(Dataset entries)

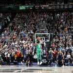 現地時間3/28のジャズ戦は、試合終了間際にブラウンが値千金の3ポイントを決めて劇的勝利[写真]=Getty Images
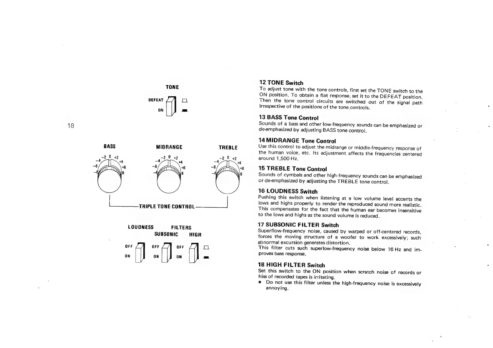 Sansui G-9700 - Tone, Filter, and Loudness Controls; TONE Switch; BASS Tone Control; MIDRANGE Tone Control
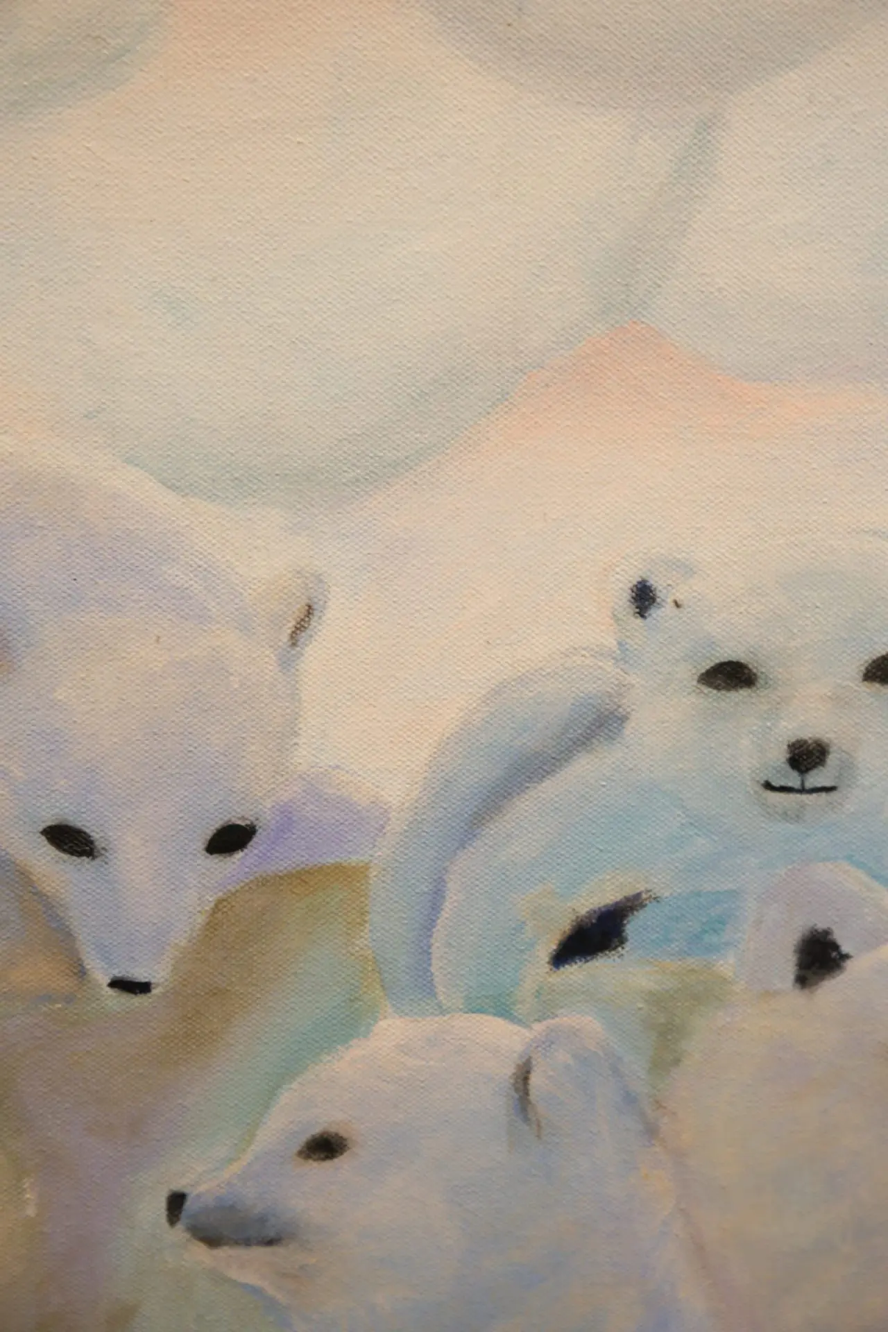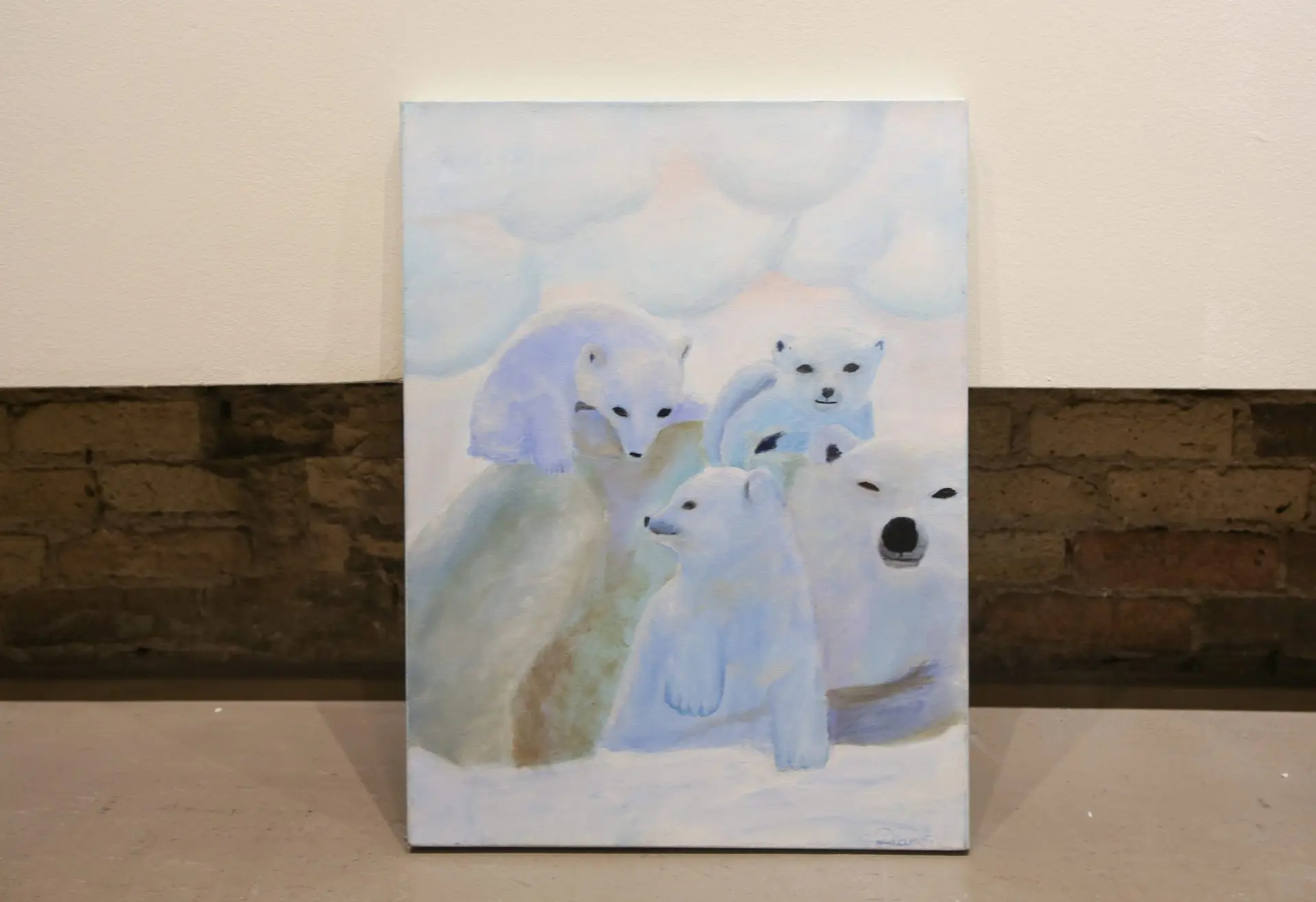 This painting features a mother polar bear and her three cubs with a dreamy snowy background.
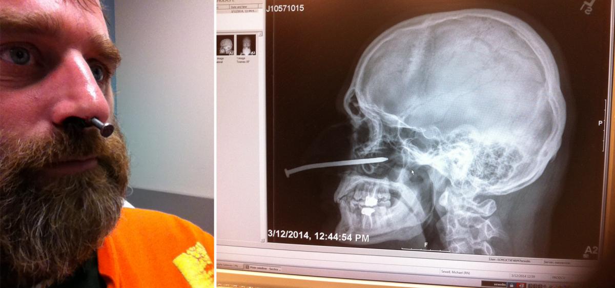 Apparently he hit the nail "wrong" and ended up like this. The only logical "wrong" way to hit it and end up like this is to stand it up on the head and then smash your own onto it.
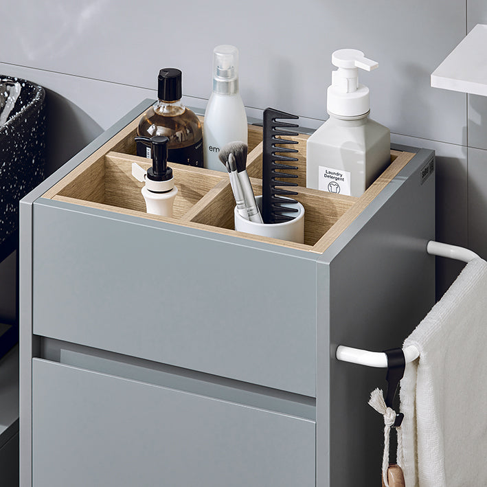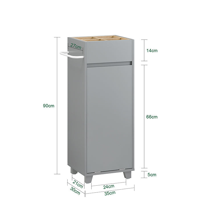 Deze veelzijdige wasopbergkast is gemaakt van duurzame MDF- en PB-materialen en heeft de afmetingen circa 35x90x30cm. De waszak, met een draagvermogen van maximaal 5 kg, is afneembaar. De kast is voorzien van een handige handdoekhouder en vier open planken voor opbergruimte. Elke voet is ontworpen met siliconen voetkussentjes om waterschade te voorkomen.
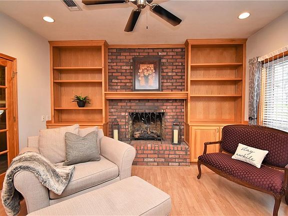 Custom Home so well maintained and shows it's owner pride. This home screams buy me from the moment you drive up. Great slab w/extra concrete, a lifetime metal roof, 10 ft ceilings, 3 yr HVAC unit, & less than 5 yr hot water heater. The kitchen offers an abundance of counter space and custom cabinetry, walk-in pantry, brand new microwave, smooth stove top, double-wall oven, & refrigerator remains. The living area is centered around beautiful built-in cabinetry and a real brick fireplace w/gas logs. The owner's bedroom has two closets, one being a large walk-in space. The on-suite has a new step-in shower w/seat & double vanities. All doors & hallways are wheelchair accessible as well. There are two additional bedrooms & a hall bath with tub/shower combo. On the exterior of the home you get a huge, covered back porch w/insulated ceiling. There is an immaculate workshop with electric, and gorgeous flowering plants and trees. Eligible for 100% RD financing. Great Home.
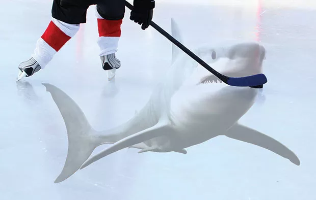 Philadelphia Flyers vs. Washington Capitals on thin ice over a shark tank.
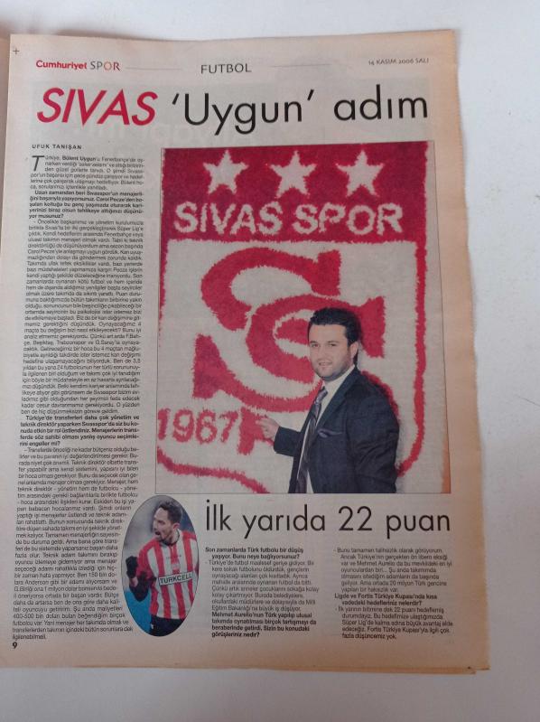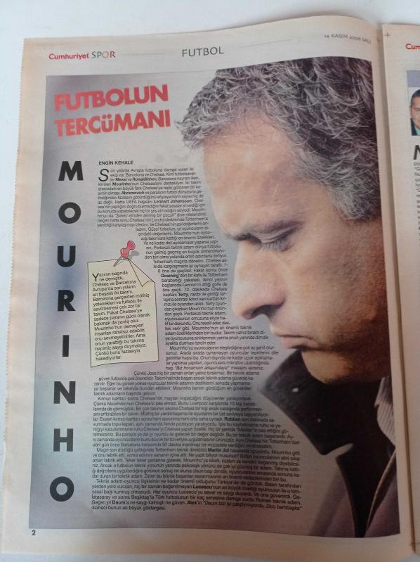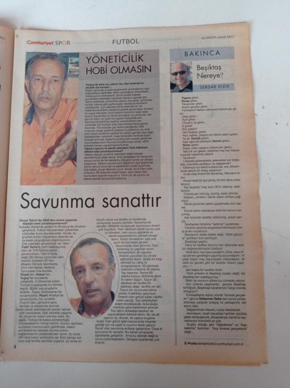 Cumhuriyet Spor Gazetesi - 14 Kasım 2006 - Futbolun Şiiri Fena Halde Yaşam- Gençliğim Eyvah - Rasim Kara Beşiktaş Nereye - Unutulan Efsane Veli Balli- Futbolun Tercümanı Mourinho - Nuri Şahin adlı eser Türkçe dilindedir.
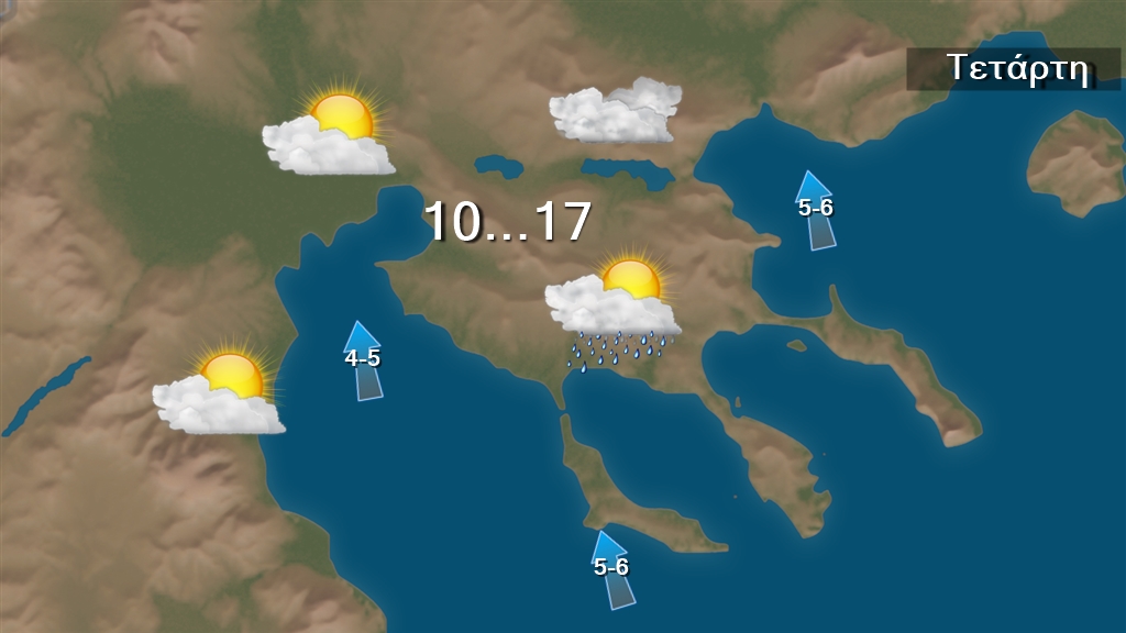 Την Τετάρτη στα δυτικά, τα βόρεια και την ανατολική νησιωτική χώρα προβλέπονται νεφώσεις με τοπικές βροχές και στα δυτικά και πιθανώς στα βόρεια σποραδικές καταιγίδες. Στα υπόλοιπα λίγες νεφώσεις παροδικά αυξημένες με πιθανότητα ασθενών βροχών. Ευνοείται η μεταφορά σκόνης. Οι άνεμοι θα πνέουν νότιοι νοτιοδυτικοί 5 με 7 και στο Αιγαίο τοπικά 8 και στα κεντρικά και βόρεια έως 9 μποφόρ. Η θερμοκρασία θα διατηρηθεί σε υψηλά για την εποχή επίπεδα και θα φτάσει στα βόρεια τους 16 με 18 βαθμούς και στην υπόλοιπη χώρα τους 18 με 19 και κατά τόπους τους 21 βαθμούς Κελσίου.
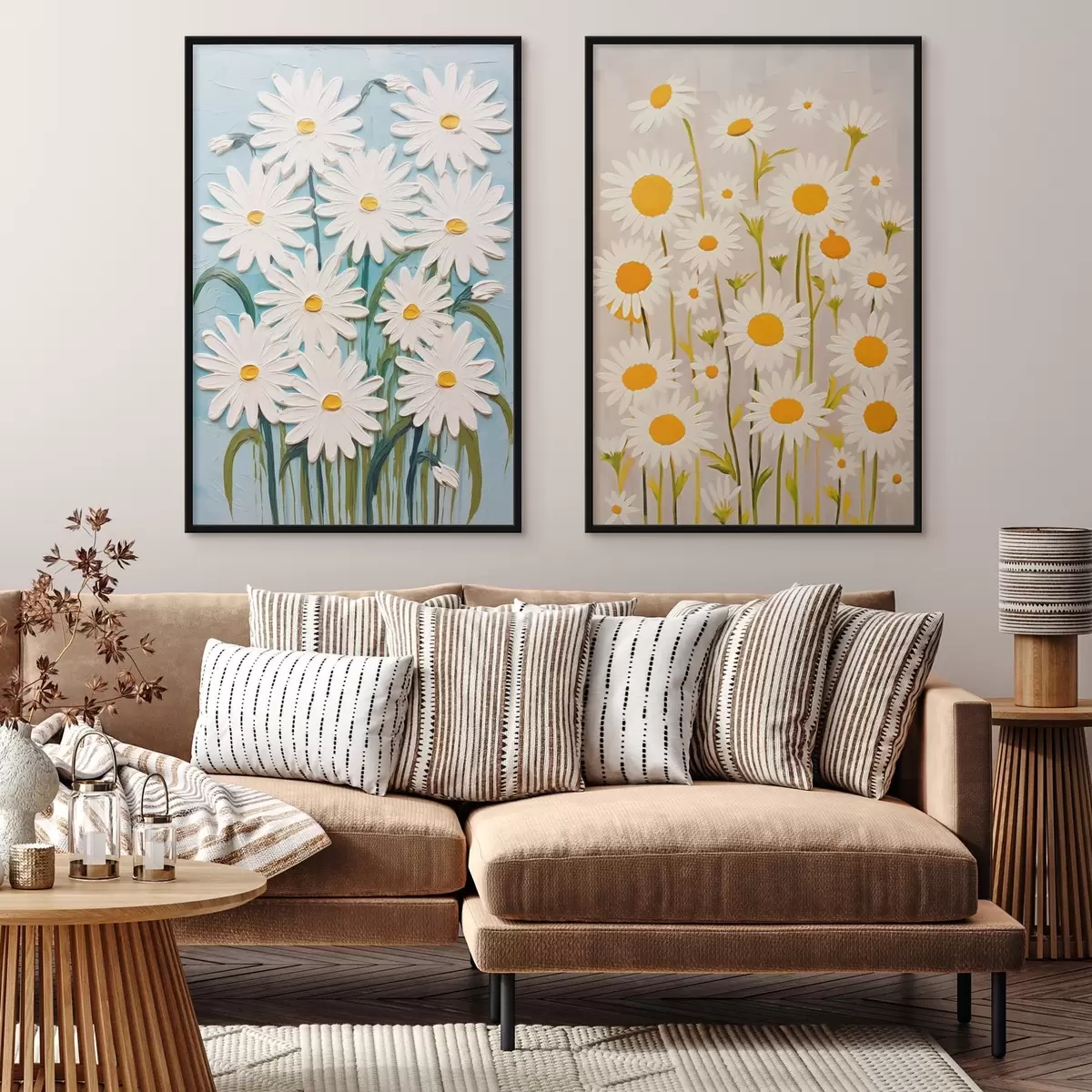 Poster Frescor primaveral: díptico con voluminosas margaritas en estilo empastado Nr d00633
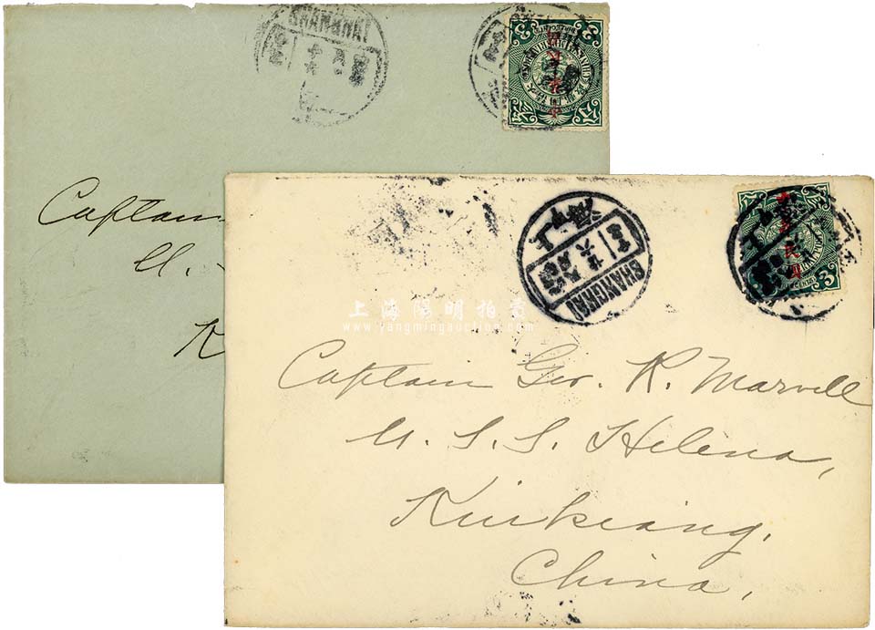 1912年上海寄九江西式封共2个不同,均上贴蟠龙加盖楷字3分,邮戳清楚;保存甚佳,敬请预览

[REQUIRED ACTION] Give the lines exactly, from the first line of the entries to the line with "Deze veelzijdige wasopbergkast", both ends included. Skip the pictures.

[YOUR RESPONSE]
 現地時間3/28のジャズ戦は、試合終了間際にブラウンが値千金の3ポイントを決めて劇的勝利[写真]=Getty Images
 Sansui G-9700 - Tone, Filter, and Loudness Controls; TONE Switch; BASS Tone Control; MIDRANGE Tone Control
 This painting features a mother polar bear and her three cubs with a dreamy snowy background.
 Apparently he hit the nail "wrong" and ended up like this. The only logical "wrong" way to hit it and end up like this is to stand it up on the head and then smash your own onto it.
 Deze veelzijdige wasopbergkast is gemaakt van duurzame MDF- en PB-materialen en heeft de afmetingen circa 35x90x30cm. De waszak, met een draagvermogen van maximaal 5 kg, is afneembaar. De kast is voorzien van een handige handdoekhouder en vier open planken voor opbergruimte. Elke voet is ontworpen met siliconen voetkussentjes om waterschade te voorkomen.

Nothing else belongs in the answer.